> WHAT TO DO
The part below that opens with the line containing "Giày moca LV da sần màu đen cao cấp YBYB05" and closes with the line containing "为深入贯彻落实所党委工作要求" should be copied exactly, minus any pictures.

> Dataset items

╭──

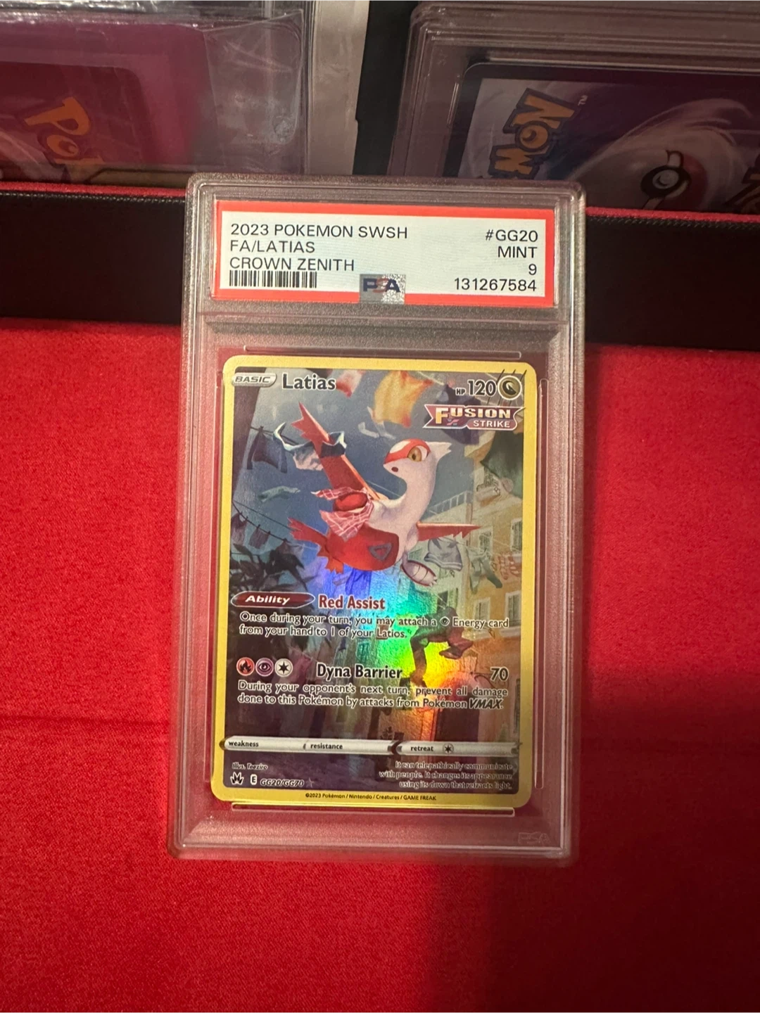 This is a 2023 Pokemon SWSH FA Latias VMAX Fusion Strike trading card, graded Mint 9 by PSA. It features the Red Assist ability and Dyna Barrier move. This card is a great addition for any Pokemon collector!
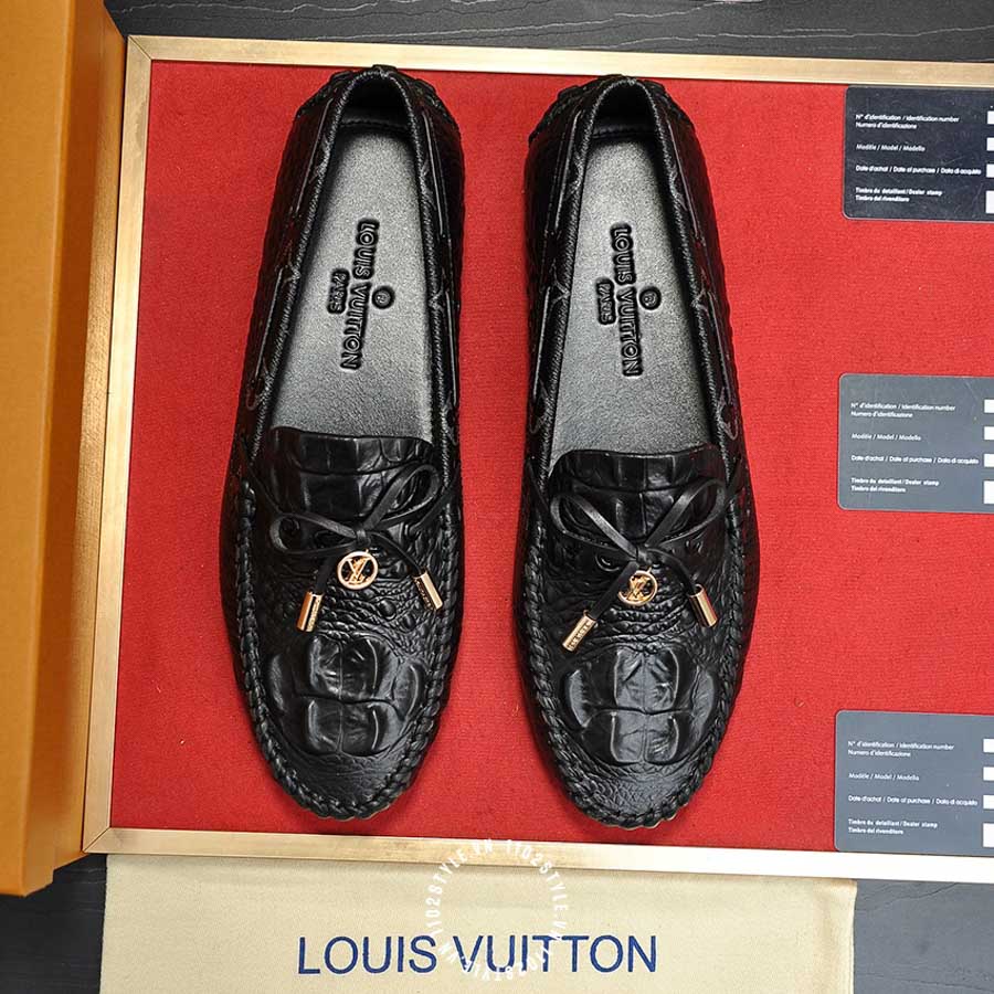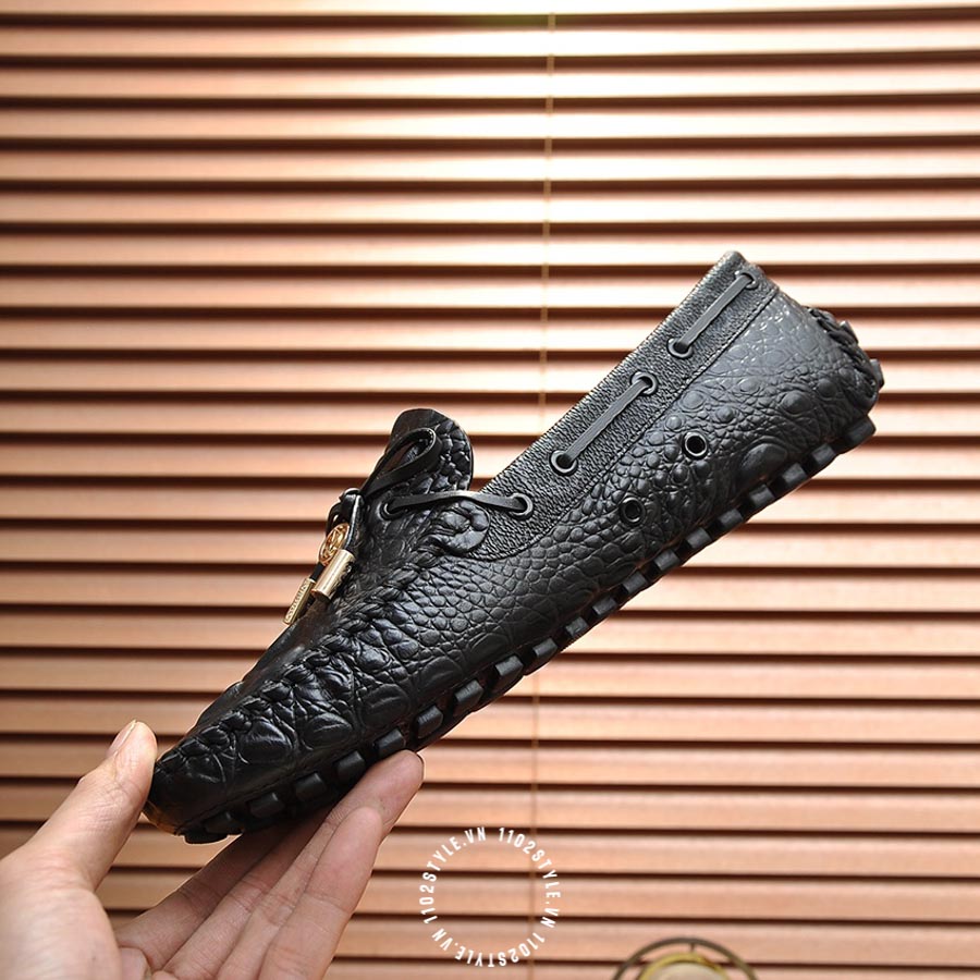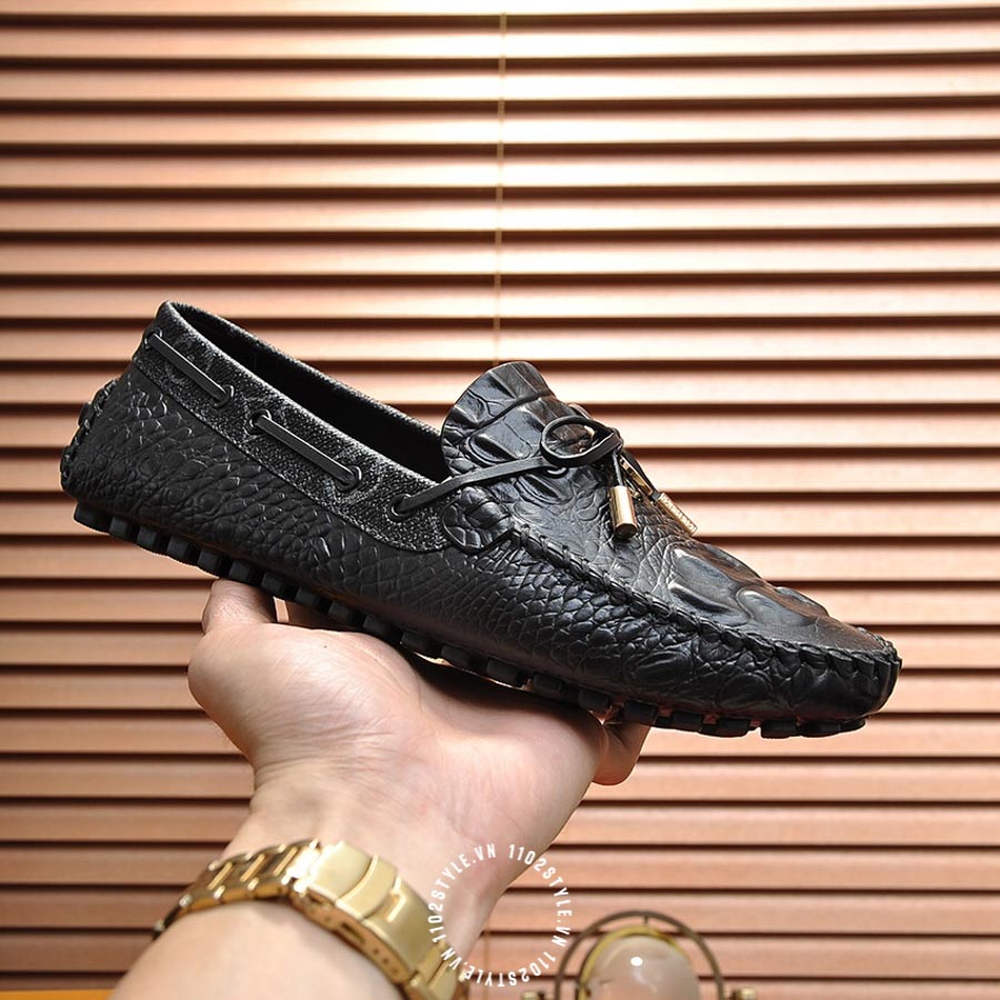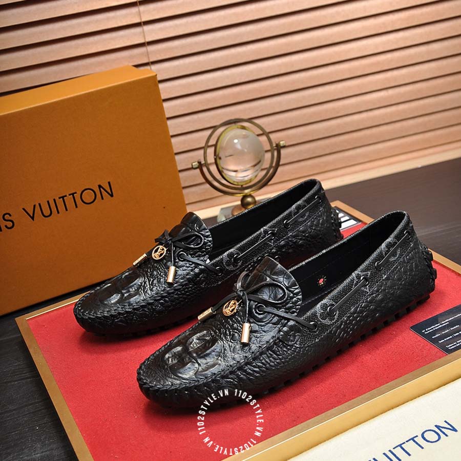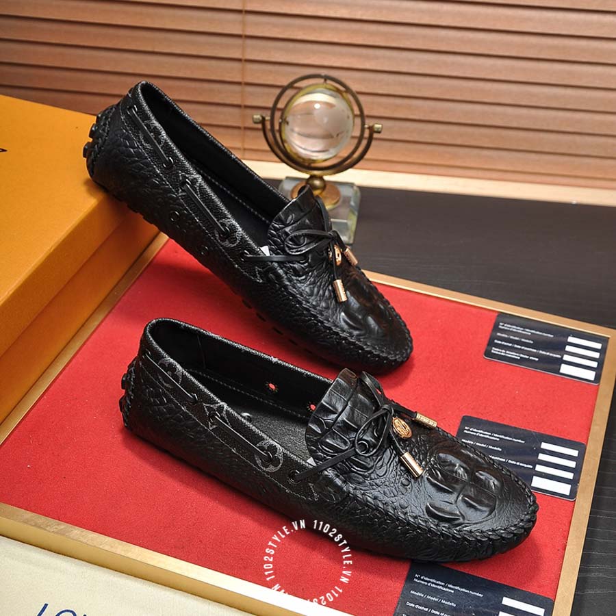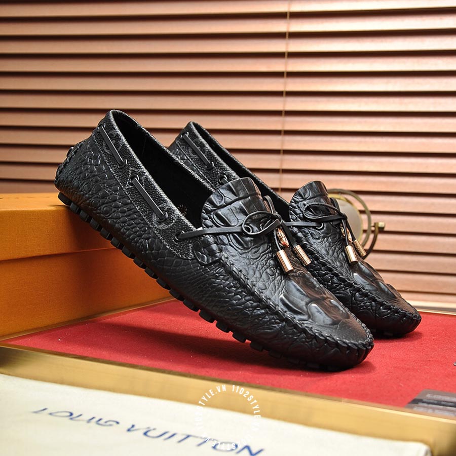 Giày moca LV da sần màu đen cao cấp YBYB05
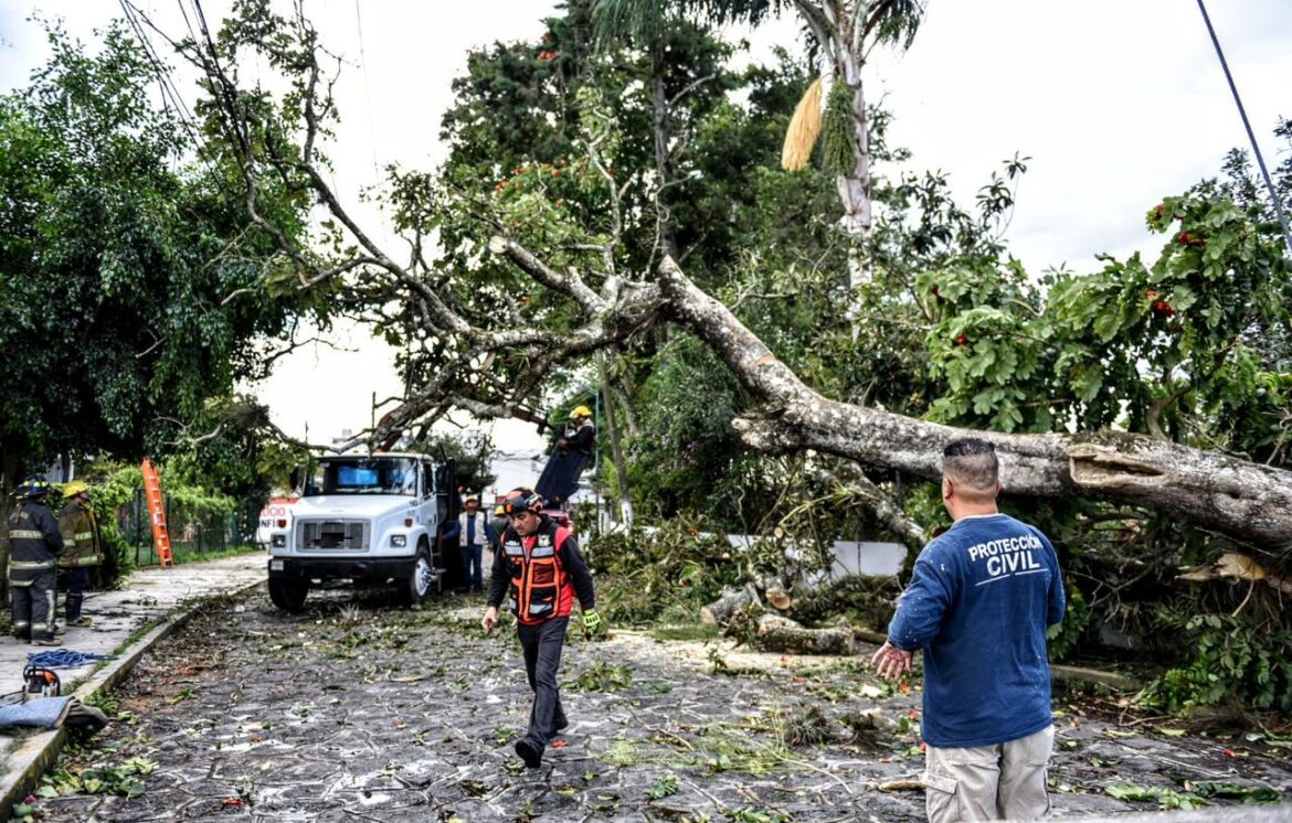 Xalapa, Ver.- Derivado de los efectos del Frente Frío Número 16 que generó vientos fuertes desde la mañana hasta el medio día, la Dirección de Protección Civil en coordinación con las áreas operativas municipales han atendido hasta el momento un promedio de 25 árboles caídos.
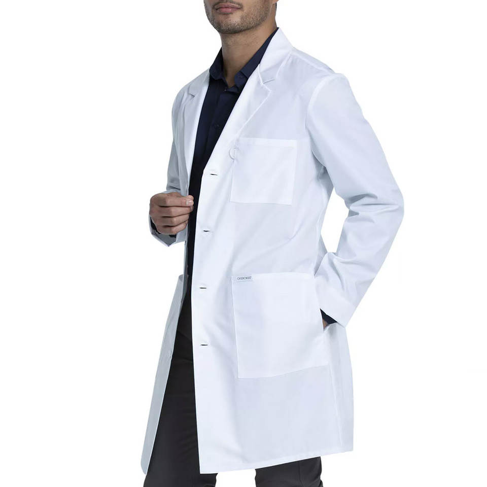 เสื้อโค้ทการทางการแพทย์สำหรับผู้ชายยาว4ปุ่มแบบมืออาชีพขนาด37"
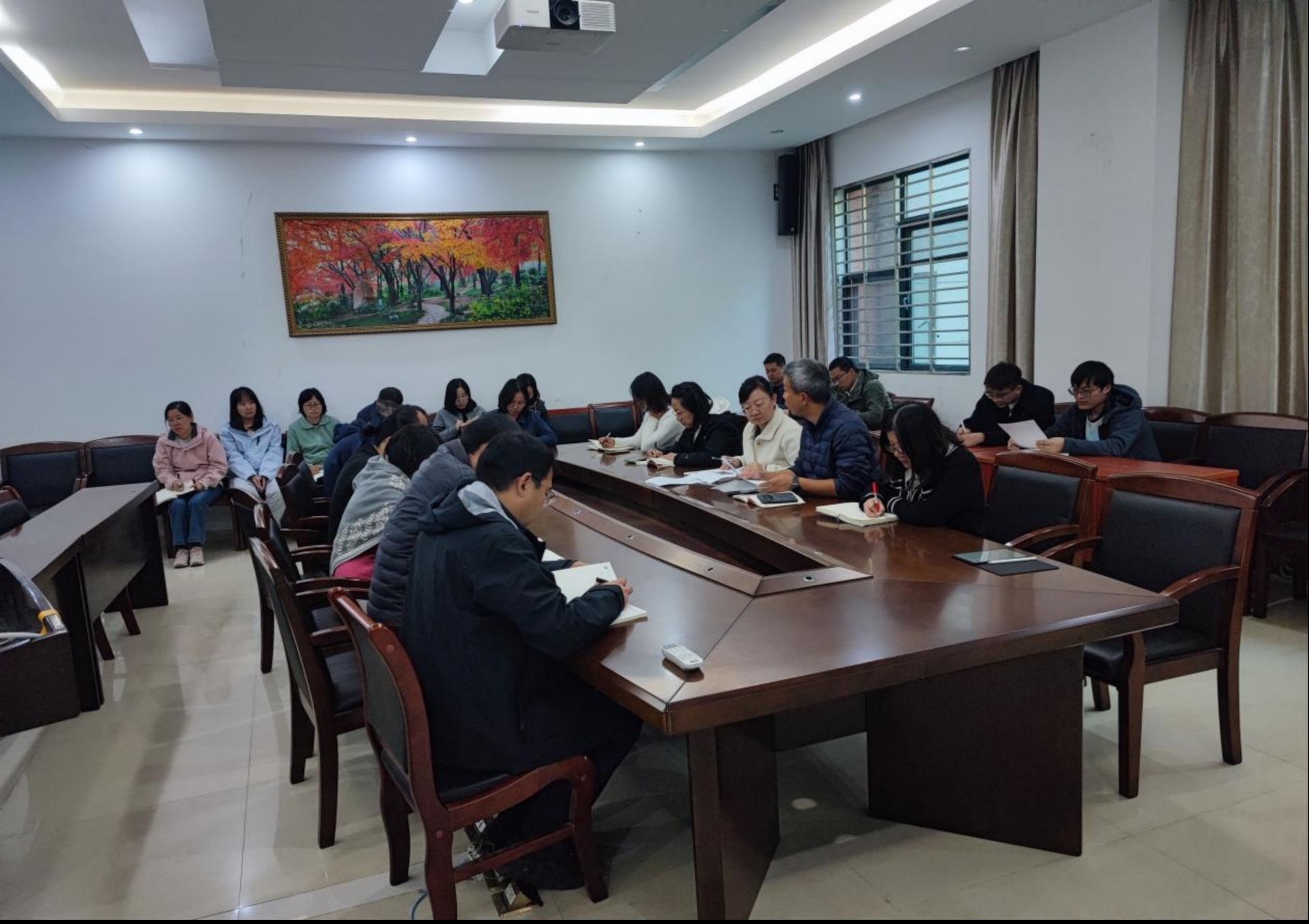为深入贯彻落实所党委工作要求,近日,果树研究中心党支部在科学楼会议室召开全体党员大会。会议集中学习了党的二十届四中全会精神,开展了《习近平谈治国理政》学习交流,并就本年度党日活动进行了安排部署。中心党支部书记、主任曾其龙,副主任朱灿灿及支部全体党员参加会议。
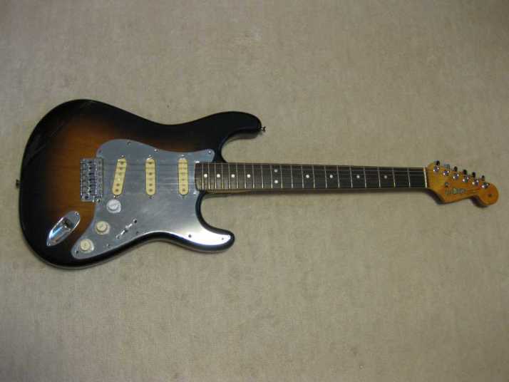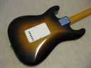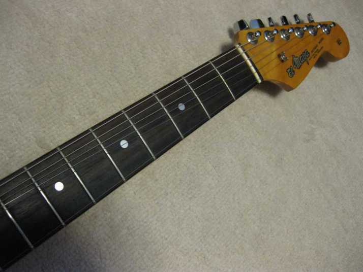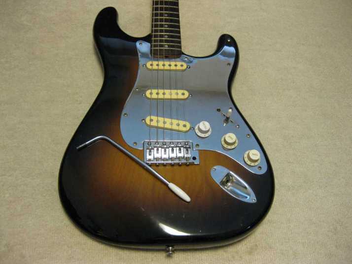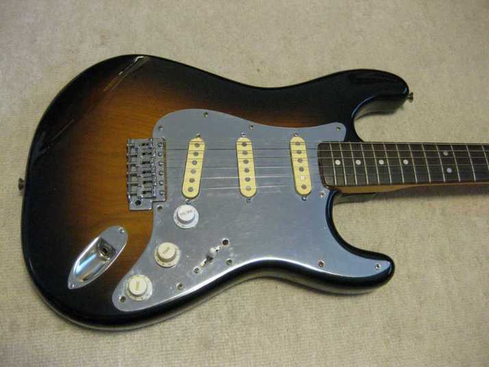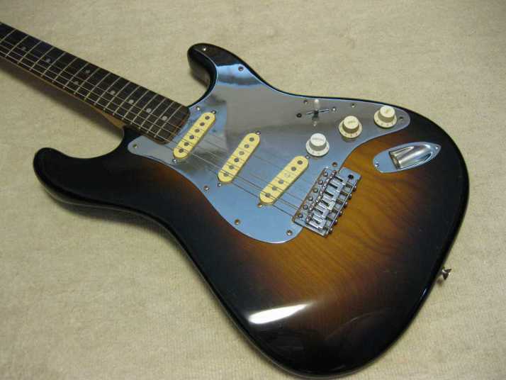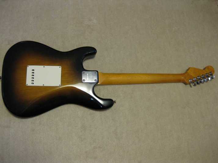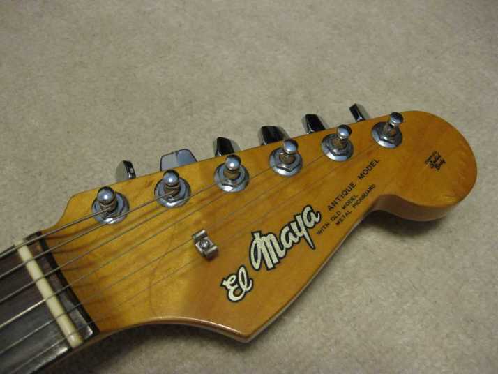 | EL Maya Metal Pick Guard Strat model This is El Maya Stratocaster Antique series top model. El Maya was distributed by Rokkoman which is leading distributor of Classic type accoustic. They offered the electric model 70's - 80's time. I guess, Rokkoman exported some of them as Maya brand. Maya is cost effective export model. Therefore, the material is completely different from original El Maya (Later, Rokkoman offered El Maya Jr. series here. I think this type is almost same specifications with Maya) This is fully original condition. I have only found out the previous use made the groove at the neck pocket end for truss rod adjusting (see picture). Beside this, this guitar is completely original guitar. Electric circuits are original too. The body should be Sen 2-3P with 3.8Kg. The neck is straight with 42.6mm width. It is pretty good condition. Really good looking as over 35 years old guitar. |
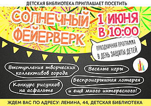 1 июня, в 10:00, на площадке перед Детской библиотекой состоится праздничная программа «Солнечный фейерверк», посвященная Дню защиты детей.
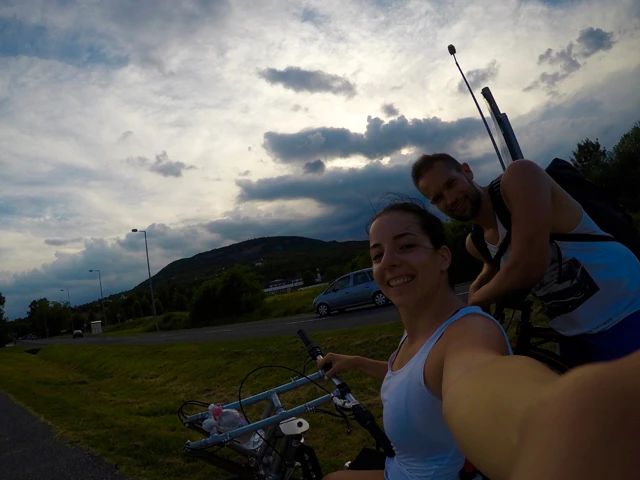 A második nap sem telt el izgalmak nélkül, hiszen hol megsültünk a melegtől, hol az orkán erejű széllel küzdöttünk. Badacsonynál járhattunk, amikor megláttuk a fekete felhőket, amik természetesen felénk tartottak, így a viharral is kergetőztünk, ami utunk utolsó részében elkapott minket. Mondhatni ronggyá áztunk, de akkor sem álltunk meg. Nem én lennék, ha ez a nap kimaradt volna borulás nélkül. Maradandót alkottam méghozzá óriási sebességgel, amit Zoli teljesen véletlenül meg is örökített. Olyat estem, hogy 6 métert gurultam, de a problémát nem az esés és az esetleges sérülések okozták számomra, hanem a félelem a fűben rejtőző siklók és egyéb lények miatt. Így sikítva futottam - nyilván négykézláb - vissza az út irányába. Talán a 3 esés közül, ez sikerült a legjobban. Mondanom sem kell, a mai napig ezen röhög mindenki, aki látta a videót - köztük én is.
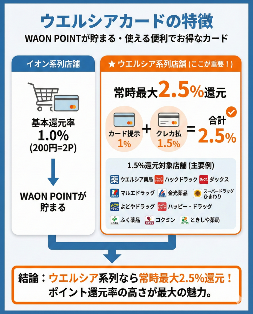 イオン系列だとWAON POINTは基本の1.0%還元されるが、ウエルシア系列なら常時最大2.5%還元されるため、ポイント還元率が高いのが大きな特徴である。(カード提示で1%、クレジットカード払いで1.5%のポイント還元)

╰──

> RESPONSE TO THIS TASK
 Giày moca LV da sần màu đen cao cấp YBYB05
 Xalapa, Ver.- Derivado de los efectos del Frente Frío Número 16 que generó vientos fuertes desde la mañana hasta el medio día, la Dirección de Protección Civil en coordinación con las áreas operativas municipales han atendido hasta el momento un promedio de 25 árboles caídos.
 เสื้อโค้ทการทางการแพทย์สำหรับผู้ชายยาว4ปุ่มแบบมืออาชีพขนาด37"
为深入贯彻落实所党委工作要求,近日,果树研究中心党支部在科学楼会议室召开全体党员大会。会议集中学习了党的二十届四中全会精神,开展了《习近平谈治国理政》学习交流,并就本年度党日活动进行了安排部署。中心党支部书记、主任曾其龙,副主任朱灿灿及支部全体党员参加会议。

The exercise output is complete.